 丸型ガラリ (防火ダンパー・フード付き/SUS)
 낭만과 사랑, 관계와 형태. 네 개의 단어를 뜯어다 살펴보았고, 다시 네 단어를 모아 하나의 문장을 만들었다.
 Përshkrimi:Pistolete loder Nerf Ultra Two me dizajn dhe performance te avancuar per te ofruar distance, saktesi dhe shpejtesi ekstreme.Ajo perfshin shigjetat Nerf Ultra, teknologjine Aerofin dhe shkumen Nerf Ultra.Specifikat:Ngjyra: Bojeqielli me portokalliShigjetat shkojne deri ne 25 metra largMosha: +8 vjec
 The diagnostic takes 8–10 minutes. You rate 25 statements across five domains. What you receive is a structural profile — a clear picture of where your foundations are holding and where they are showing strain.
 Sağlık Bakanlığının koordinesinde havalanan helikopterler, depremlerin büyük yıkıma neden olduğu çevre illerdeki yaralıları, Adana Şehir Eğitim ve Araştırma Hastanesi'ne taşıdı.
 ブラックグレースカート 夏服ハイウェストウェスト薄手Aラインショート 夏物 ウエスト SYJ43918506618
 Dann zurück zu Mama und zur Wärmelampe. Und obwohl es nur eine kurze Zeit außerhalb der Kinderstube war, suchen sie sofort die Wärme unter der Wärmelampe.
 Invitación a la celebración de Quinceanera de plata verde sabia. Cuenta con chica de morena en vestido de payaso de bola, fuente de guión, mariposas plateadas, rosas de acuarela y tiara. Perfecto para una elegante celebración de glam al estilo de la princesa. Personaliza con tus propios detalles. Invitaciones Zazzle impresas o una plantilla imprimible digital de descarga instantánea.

········

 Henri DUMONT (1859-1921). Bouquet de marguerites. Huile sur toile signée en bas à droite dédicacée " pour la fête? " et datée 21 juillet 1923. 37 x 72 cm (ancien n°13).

········

*Exercise description*
Among the lines above, find the one with "The diagnostic takes" and the one with "Sağlık Bakanlığının koordinesinde". Quote both and everything between them, exactly.

*Written reply*
 The diagnostic takes 8–10 minutes. You rate 25 statements across five domains. What you receive is a structural profile — a clear picture of where your foundations are holding and where they are showing strain.
 Sağlık Bakanlığının koordinesinde havalanan helikopterler, depremlerin büyük yıkıma neden olduğu çevre illerdeki yaralıları, Adana Şehir Eğitim ve Araştırma Hastanesi'ne taşıdı.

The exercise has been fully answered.